The flow through the gap is particularly uniform if the majority of the webs are arranged uniformly in the circumferential direction. Advantageously, each web always has the same or largely the same predetermined spacing from its webs directly adjacent in the circumferential direction.

A fixed connection at the first contact area between the web and the housing part is to be understood in particular as a connection which does not allow any relative movement between the web and the housing part at the first contact area. In particular, the fixed connection can be an integral or non-positive connection. For example, the web can be designed in one piece with the housing part. It is also conceivable that the web is glued or welded to the housing part. It is possible for the web and the housing part to be formed at least in sections, preferably completely, from the same material, for example metal, in particular aluminum, or plastic. It is also conceivable that the web and the housing part are predominantly formed from different materials. For example, the housing part can be made predominantly or entirely of metal and the web can be made predominantly or entirely of plastic.

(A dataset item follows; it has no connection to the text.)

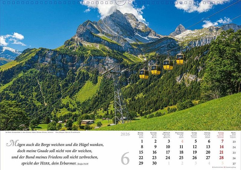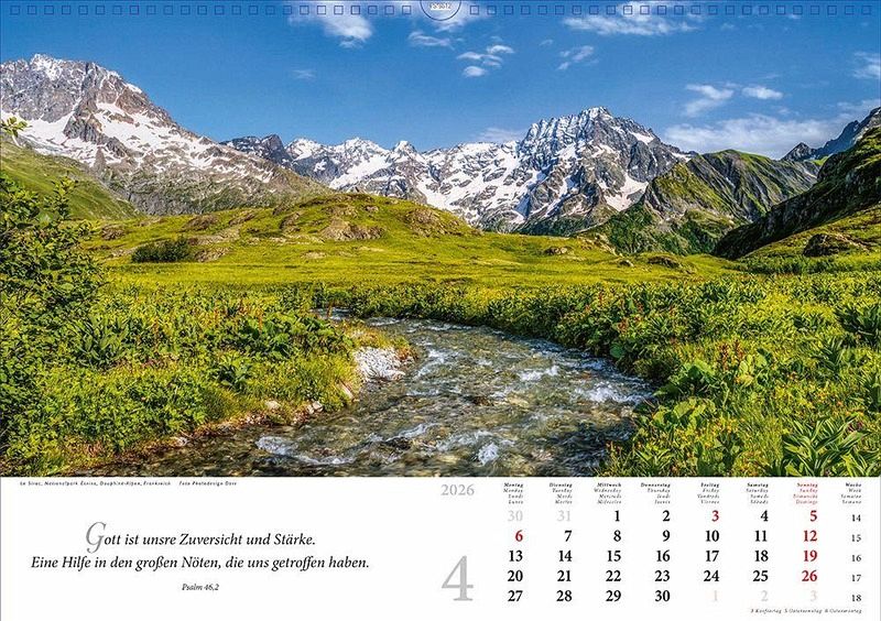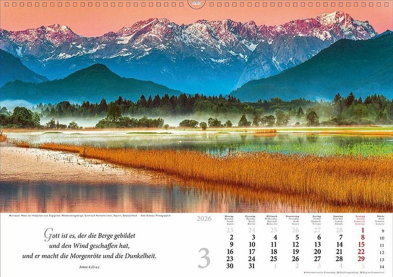 Auch für 2026 erscheint wieder der erfolgreiche Kalender "Lobet, ihr Berge, den Herrn". Die Verbindung von ausgewählten und eindrucksvollen Bergmotiven und dazu passende Bibel- und Liedverse sind das Besondere dieses Kalenders. Täglich erinnern die Verse und die eindrücklichen Bilder den Betrachter daran, wie wunderbar und einzigartig Gottes Schöpfung ist. Der ideale Jahresbegleiter für alle Liebhaber von Berg- und Gebirgslandschaften

A frictional contact on the second contact area between the web and the housing part should in particular be a friction between a surface of the web and the surface of the web that touches one another on the second contact area Housing part. In this context, friction or frictional contact should not be understood to mean any internal or internal friction within the web and / or housing part.

The friction converts mechanical work or kinetic energy into thermal energy. In particular, oscillations and vibrations of the electrical machine can be damped in this way.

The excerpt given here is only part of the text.